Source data
↓
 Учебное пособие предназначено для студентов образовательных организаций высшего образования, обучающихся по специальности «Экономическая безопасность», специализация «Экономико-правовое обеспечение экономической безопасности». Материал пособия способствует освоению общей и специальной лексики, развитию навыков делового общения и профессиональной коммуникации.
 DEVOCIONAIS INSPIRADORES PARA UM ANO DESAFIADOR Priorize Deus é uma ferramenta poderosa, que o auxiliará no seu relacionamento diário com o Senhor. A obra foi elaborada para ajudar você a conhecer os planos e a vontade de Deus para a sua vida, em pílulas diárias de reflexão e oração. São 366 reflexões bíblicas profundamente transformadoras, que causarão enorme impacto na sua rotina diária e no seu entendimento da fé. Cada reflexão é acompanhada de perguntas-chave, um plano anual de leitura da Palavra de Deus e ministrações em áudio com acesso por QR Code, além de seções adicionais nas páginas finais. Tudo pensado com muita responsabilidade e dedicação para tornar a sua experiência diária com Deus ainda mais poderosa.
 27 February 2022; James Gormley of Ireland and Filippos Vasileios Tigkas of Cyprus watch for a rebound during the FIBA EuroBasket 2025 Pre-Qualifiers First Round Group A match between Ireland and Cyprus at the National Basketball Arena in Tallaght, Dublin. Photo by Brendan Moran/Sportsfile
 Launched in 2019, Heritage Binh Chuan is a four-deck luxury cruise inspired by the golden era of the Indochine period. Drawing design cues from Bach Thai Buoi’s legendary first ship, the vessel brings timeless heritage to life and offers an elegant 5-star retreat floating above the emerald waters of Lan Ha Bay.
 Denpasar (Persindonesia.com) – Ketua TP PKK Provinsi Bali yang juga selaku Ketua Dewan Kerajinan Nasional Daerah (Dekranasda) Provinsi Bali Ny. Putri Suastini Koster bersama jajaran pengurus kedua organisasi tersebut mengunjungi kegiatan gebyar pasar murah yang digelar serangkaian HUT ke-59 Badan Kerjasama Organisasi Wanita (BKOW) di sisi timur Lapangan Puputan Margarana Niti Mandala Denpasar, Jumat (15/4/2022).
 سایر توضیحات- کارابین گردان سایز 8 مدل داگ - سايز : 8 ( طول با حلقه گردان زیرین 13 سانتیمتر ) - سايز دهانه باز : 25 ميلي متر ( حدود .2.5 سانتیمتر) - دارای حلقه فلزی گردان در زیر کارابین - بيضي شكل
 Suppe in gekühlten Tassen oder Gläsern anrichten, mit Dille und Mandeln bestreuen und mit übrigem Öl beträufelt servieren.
↑
◆ **Exercise**
Your answer should consist only of the lines from the one with "سایر توضیحات- کارابین" through the end of the data above, reproduced exactly.

◆ **Task solution**
 سایر توضیحات- کارابین گردان سایز 8 مدل داگ - سايز : 8 ( طول با حلقه گردان زیرین 13 سانتیمتر ) - سايز دهانه باز : 25 ميلي متر ( حدود .2.5 سانتیمتر) - دارای حلقه فلزی گردان در زیر کارابین - بيضي شكل
 Suppe in gekühlten Tassen oder Gläsern anrichten, mit Dille und Mandeln bestreuen und mit übrigem Öl beträufelt servieren.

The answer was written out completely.